Directions ->
Every record should be restated exactly, with no images included.

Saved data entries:

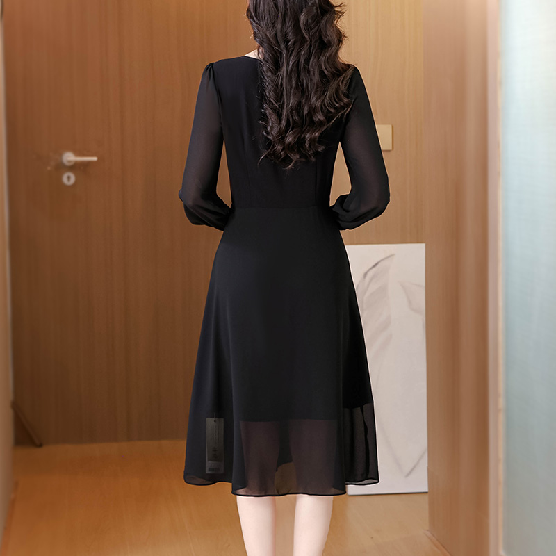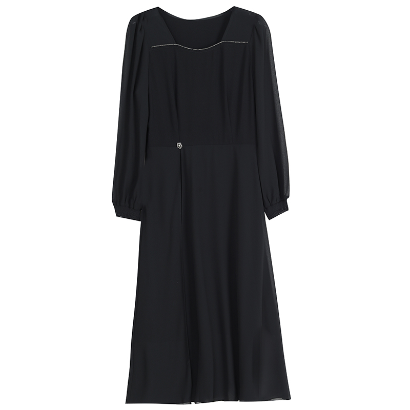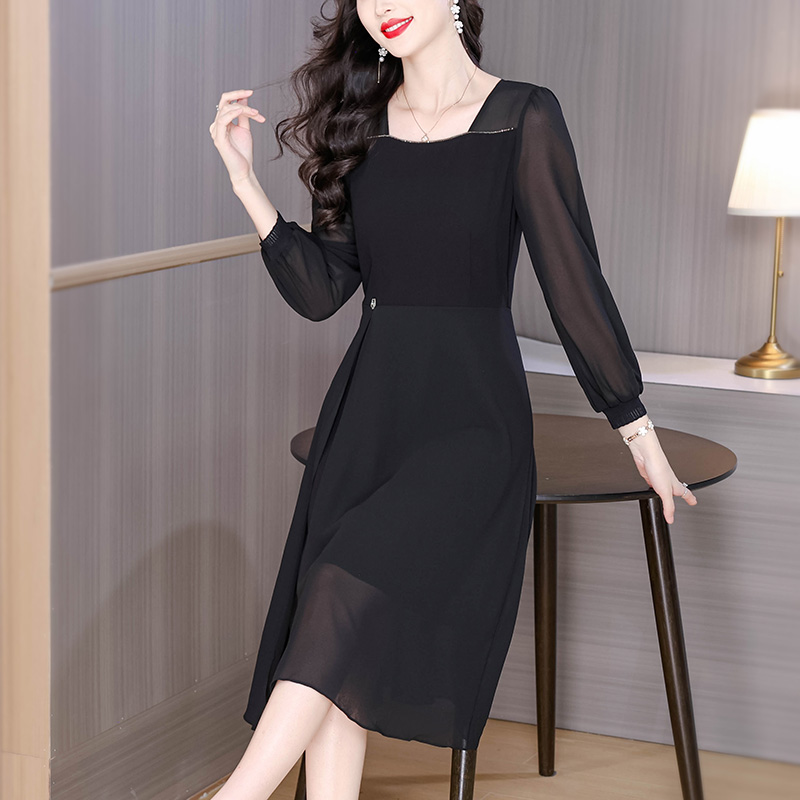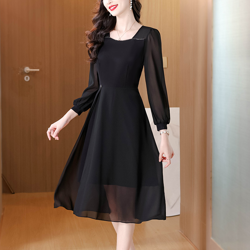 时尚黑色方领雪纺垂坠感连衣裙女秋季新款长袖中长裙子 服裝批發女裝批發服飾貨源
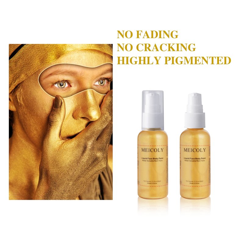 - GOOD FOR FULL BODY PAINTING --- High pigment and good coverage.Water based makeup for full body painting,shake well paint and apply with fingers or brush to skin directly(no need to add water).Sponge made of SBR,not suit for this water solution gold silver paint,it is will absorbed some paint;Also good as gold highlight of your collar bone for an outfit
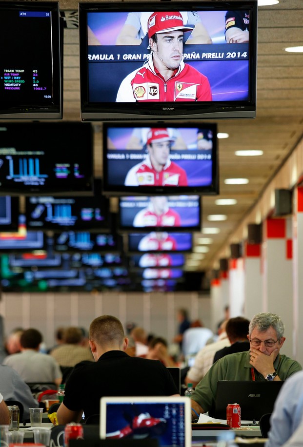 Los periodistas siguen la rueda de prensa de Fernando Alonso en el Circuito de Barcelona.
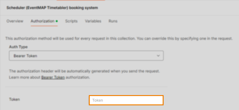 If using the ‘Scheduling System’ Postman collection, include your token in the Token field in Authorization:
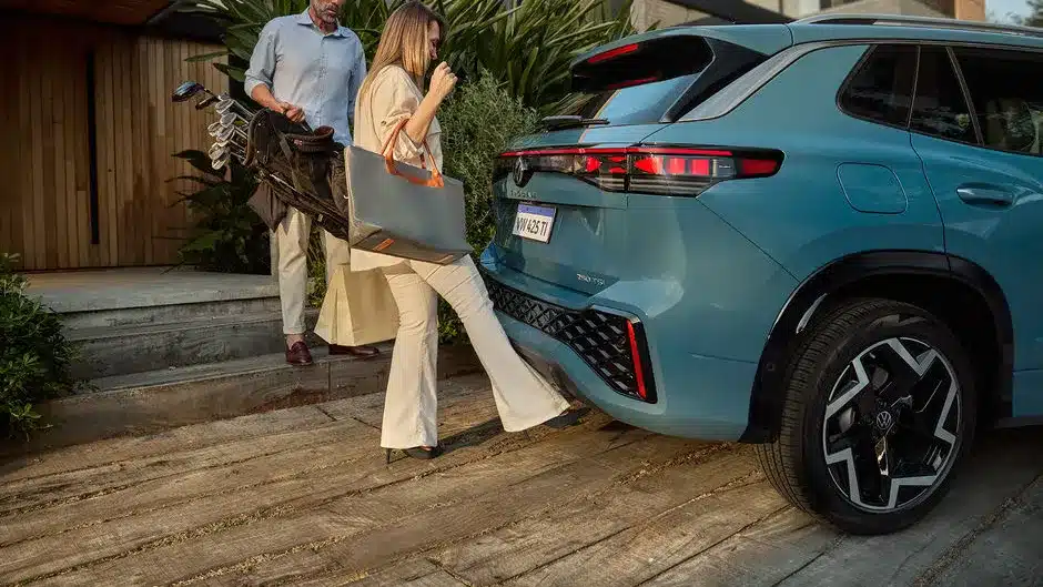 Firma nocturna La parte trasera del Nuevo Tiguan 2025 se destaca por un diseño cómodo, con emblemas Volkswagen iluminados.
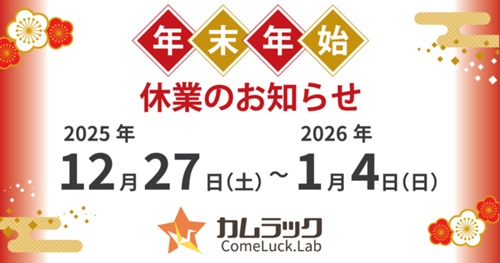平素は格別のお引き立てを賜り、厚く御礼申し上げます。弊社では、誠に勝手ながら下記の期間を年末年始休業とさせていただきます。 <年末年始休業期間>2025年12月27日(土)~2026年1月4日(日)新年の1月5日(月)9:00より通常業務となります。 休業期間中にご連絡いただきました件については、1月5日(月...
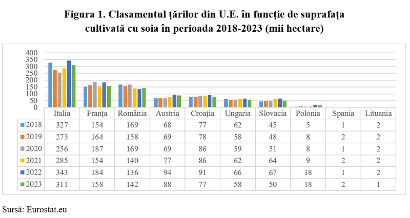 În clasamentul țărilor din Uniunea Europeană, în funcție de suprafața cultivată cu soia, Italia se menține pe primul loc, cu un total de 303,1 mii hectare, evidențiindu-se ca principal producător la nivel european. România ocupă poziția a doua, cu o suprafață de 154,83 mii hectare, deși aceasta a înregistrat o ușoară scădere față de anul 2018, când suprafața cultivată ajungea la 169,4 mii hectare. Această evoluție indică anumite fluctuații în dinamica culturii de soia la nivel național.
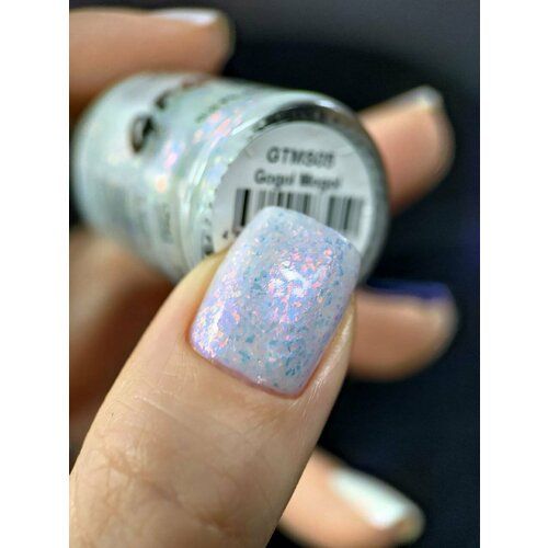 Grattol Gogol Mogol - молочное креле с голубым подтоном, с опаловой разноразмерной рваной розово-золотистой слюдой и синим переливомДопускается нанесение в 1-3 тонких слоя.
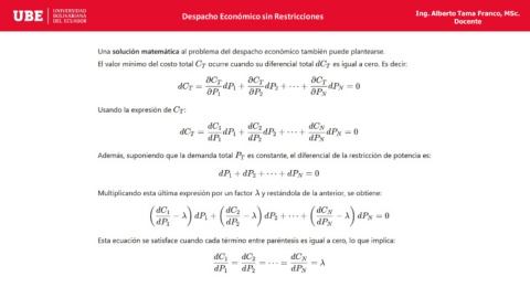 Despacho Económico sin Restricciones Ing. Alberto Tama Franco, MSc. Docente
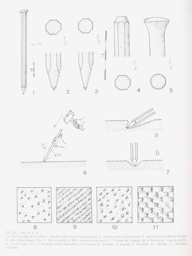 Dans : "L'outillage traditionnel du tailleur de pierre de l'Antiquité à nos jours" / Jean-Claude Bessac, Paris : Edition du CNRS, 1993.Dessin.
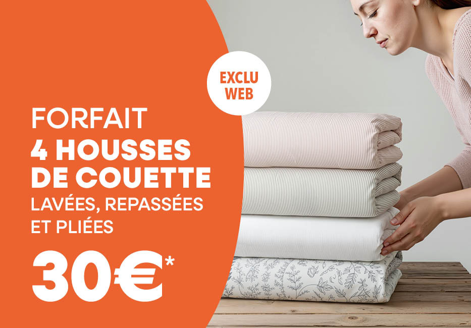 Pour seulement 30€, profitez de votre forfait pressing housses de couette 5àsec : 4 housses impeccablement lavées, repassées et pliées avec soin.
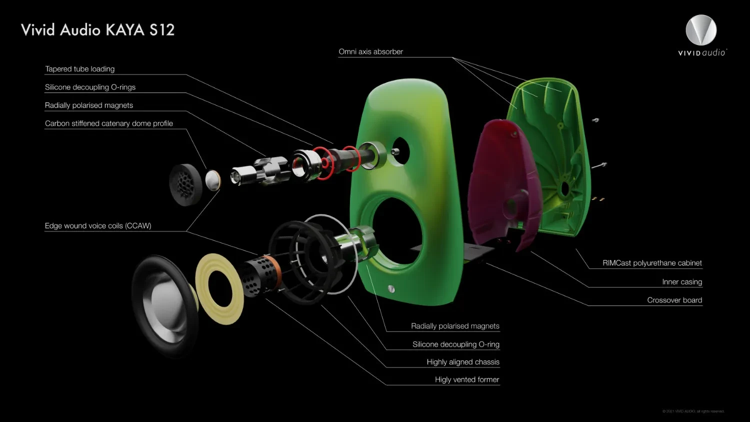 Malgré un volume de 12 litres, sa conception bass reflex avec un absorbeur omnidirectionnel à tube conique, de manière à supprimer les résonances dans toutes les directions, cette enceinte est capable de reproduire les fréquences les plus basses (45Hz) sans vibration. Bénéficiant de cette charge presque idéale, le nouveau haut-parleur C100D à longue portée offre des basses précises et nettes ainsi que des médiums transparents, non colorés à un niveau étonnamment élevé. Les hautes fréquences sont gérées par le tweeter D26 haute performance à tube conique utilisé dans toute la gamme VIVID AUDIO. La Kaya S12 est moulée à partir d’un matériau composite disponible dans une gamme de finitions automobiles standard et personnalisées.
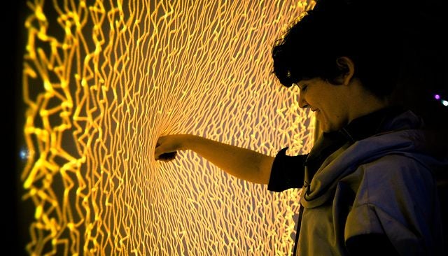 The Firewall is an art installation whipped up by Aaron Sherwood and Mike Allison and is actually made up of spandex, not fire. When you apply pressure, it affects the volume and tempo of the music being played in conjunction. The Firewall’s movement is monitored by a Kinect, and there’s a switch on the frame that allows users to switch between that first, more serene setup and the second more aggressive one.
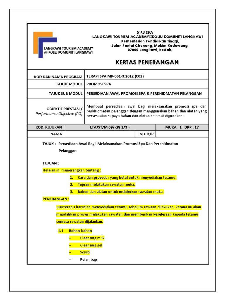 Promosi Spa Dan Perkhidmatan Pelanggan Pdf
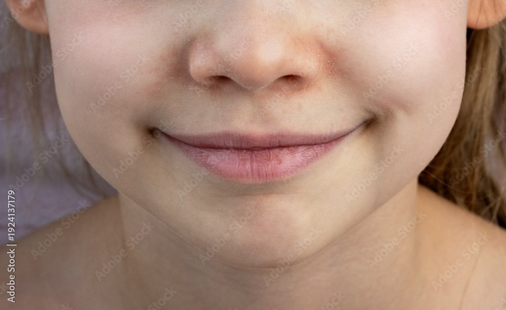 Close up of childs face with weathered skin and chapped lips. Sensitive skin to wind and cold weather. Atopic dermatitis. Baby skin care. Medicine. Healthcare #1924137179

Task solution ->
 时尚黑色方领雪纺垂坠感连衣裙女秋季新款长袖中长裙子 服裝批發女裝批發服飾貨源
 - GOOD FOR FULL BODY PAINTING --- High pigment and good coverage.Water based makeup for full body painting,shake well paint and apply with fingers or brush to skin directly(no need to add water).Sponge made of SBR,not suit for this water solution gold silver paint,it is will absorbed some paint;Also good as gold highlight of your collar bone for an outfit
 Los periodistas siguen la rueda de prensa de Fernando Alonso en el Circuito de Barcelona.
 If using the ‘Scheduling System’ Postman collection, include your token in the Token field in Authorization:
 Firma nocturna La parte trasera del Nuevo Tiguan 2025 se destaca por un diseño cómodo, con emblemas Volkswagen iluminados.
平素は格別のお引き立てを賜り、厚く御礼申し上げます。弊社では、誠に勝手ながら下記の期間を年末年始休業とさせていただきます。 <年末年始休業期間>2025年12月27日(土)~2026年1月4日(日)新年の1月5日(月)9:00より通常業務となります。 休業期間中にご連絡いただきました件については、1月5日(月...
 În clasamentul țărilor din Uniunea Europeană, în funcție de suprafața cultivată cu soia, Italia se menține pe primul loc, cu un total de 303,1 mii hectare, evidențiindu-se ca principal producător la nivel european. România ocupă poziția a doua, cu o suprafață de 154,83 mii hectare, deși aceasta a înregistrat o ușoară scădere față de anul 2018, când suprafața cultivată ajungea la 169,4 mii hectare. Această evoluție indică anumite fluctuații în dinamica culturii de soia la nivel național.
 Grattol Gogol Mogol - молочное креле с голубым подтоном, с опаловой разноразмерной рваной розово-золотистой слюдой и синим переливомДопускается нанесение в 1-3 тонких слоя.
 Despacho Económico sin Restricciones Ing. Alberto Tama Franco, MSc. Docente
 Dans : "L'outillage traditionnel du tailleur de pierre de l'Antiquité à nos jours" / Jean-Claude Bessac, Paris : Edition du CNRS, 1993.Dessin.
 Pour seulement 30€, profitez de votre forfait pressing housses de couette 5àsec : 4 housses impeccablement lavées, repassées et pliées avec soin.
 Malgré un volume de 12 litres, sa conception bass reflex avec un absorbeur omnidirectionnel à tube conique, de manière à supprimer les résonances dans toutes les directions, cette enceinte est capable de reproduire les fréquences les plus basses (45Hz) sans vibration. Bénéficiant de cette charge presque idéale, le nouveau haut-parleur C100D à longue portée offre des basses précises et nettes ainsi que des médiums transparents, non colorés à un niveau étonnamment élevé. Les hautes fréquences sont gérées par le tweeter D26 haute performance à tube conique utilisé dans toute la gamme VIVID AUDIO. La Kaya S12 est moulée à partir d’un matériau composite disponible dans une gamme de finitions automobiles standard et personnalisées.
 The Firewall is an art installation whipped up by Aaron Sherwood and Mike Allison and is actually made up of spandex, not fire. When you apply pressure, it affects the volume and tempo of the music being played in conjunction. The Firewall’s movement is monitored by a Kinect, and there’s a switch on the frame that allows users to switch between that first, more serene setup and the second more aggressive one.
 Promosi Spa Dan Perkhidmatan Pelanggan Pdf
 Close up of childs face with weathered skin and chapped lips. Sensitive skin to wind and cold weather. Atopic dermatitis. Baby skin care. Medicine. Healthcare #1924137179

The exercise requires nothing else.